Transcribe the whole listing exactly, but do not carry over its pictures.

* SUPPLIED INFORMATION
----
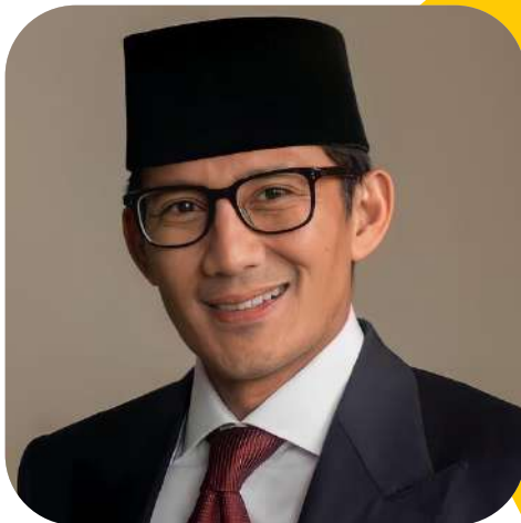
Sandiaga Salahuddin Uno
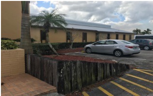
City Hall Retrofit

Here are photos from four of the five former PPL projects from Belle Glade:
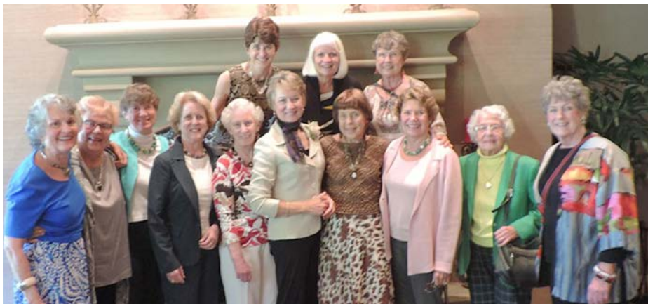
Previous years' Distinguished Women who attended the luncheon.
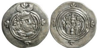
458 Sasanian silver drachm 30mm 4,20g
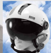
LA100 Jet Pilot Helmet
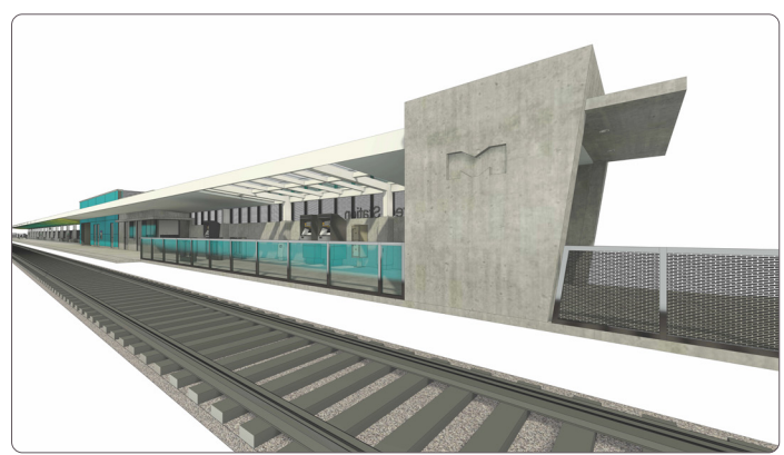
Rendering of NEC Station

The RFI was released to the public on November 18th and will remain open until January 6, 2025. An industry day, where potential vendors can ask questions, is scheduled for Monday, December 9th at 1:00 p.m. in the Aventura Library (2930 Aventura Blvd, Miami FL 33180). DTPW and BCT staff will review proposals and make next step recommendations by December.
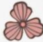
Pinky Flower 4.8 cm x 5.0 cm
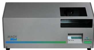
Captures up to 600 dpi true optical resolution

The MACH Mini Fiche offers the same 100% accurate capture of the MACH7 in an economic table top design. The manual-load scanner is ideal for those with mid-volume microfiche capture needs.
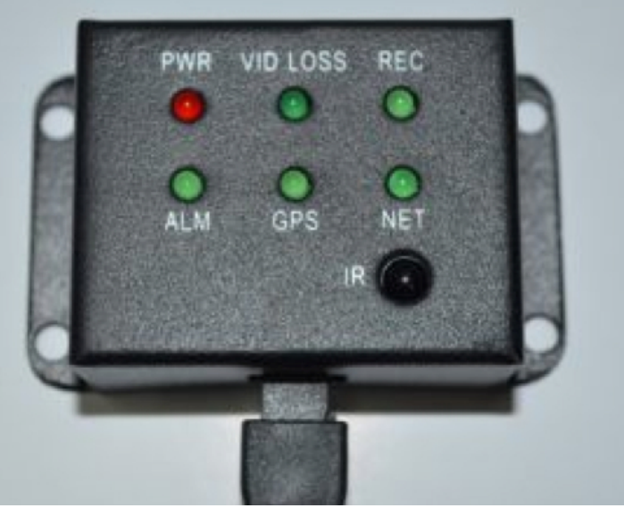
DVR Status LED Indicator Display

The DVR Status LED Indicator is an optional accessory of the Mobile DVR, which is mainly used to extend the LED indicator panel to a location where the driver can verify if the DVR is powered up, recording, GPS working, or if there is an alarm or video loss.
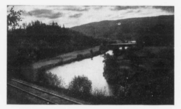
WINOOSKI RIVER, NEAR MIDDLESEX, VT.

Portland and Casco Bay form the Utopia of those with moderate means; nowhere will a dollar procure more of seaside pleasures. Hotels in city and on the islands in the bay are numerous, and an unlimited number of boarding houses and cottages are in evidence and to suit all classes.
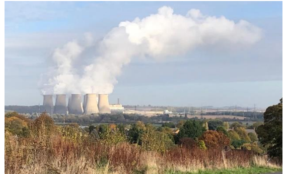
1 Ratcliffe Power Station to close in 2025
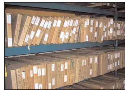
Before 5S implementation

The 5S philosophy may be applied to most any workplace scenario in a short period of time due to its simple nature. However, we are aware that most every organization has specific needs. If you have questions about how Graphic Products can assist you as you implement your 5S program , please feel free to contact us at any time using the information printed on the front of this booklet.
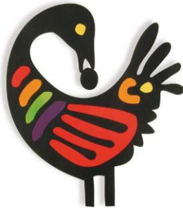
SANKOFA "go back to fetch it"
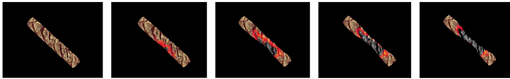
Figure 2: Time sequence of a decomposing solid (fire is not displayed for clarity)
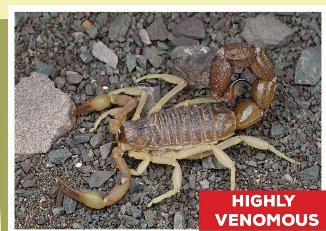
Rough Thicktail Scorpion ( Parabuthus granulatus)
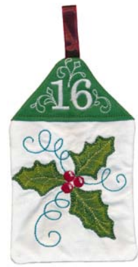
21025-16 Day 16 5.62 X 6.99 in. 142.75 X 177.55 mm 12,390 St. ⚙ L
----
* SOLUTION TO THE EXERCISE
Sandiaga Salahuddin Uno
City Hall Retrofit

Here are photos from four of the five former PPL projects from Belle Glade:
Previous years' Distinguished Women who attended the luncheon.
458 Sasanian silver drachm 30mm 4,20g
LA100 Jet Pilot Helmet
Rendering of NEC Station

The RFI was released to the public on November 18th and will remain open until January 6, 2025. An industry day, where potential vendors can ask questions, is scheduled for Monday, December 9th at 1:00 p.m. in the Aventura Library (2930 Aventura Blvd, Miami FL 33180). DTPW and BCT staff will review proposals and make next step recommendations by December.
Pinky Flower 4.8 cm x 5.0 cm
Captures up to 600 dpi true optical resolution

The MACH Mini Fiche offers the same 100% accurate capture of the MACH7 in an economic table top design. The manual-load scanner is ideal for those with mid-volume microfiche capture needs.
DVR Status LED Indicator Display

The DVR Status LED Indicator is an optional accessory of the Mobile DVR, which is mainly used to extend the LED indicator panel to a location where the driver can verify if the DVR is powered up, recording, GPS working, or if there is an alarm or video loss.
WINOOSKI RIVER, NEAR MIDDLESEX, VT.

Portland and Casco Bay form the Utopia of those with moderate means; nowhere will a dollar procure more of seaside pleasures. Hotels in city and on the islands in the bay are numerous, and an unlimited number of boarding houses and cottages are in evidence and to suit all classes.
1 Ratcliffe Power Station to close in 2025
Before 5S implementation

The 5S philosophy may be applied to most any workplace scenario in a short period of time due to its simple nature. However, we are aware that most every organization has specific needs. If you have questions about how Graphic Products can assist you as you implement your 5S program , please feel free to contact us at any time using the information printed on the front of this booklet.
SANKOFA "go back to fetch it"
Figure 2: Time sequence of a decomposing solid (fire is not displayed for clarity)
Rough Thicktail Scorpion ( Parabuthus granulatus)
21025-16 Day 16 5.62 X 6.99 in. 142.75 X 177.55 mm 12,390 St. ⚙ L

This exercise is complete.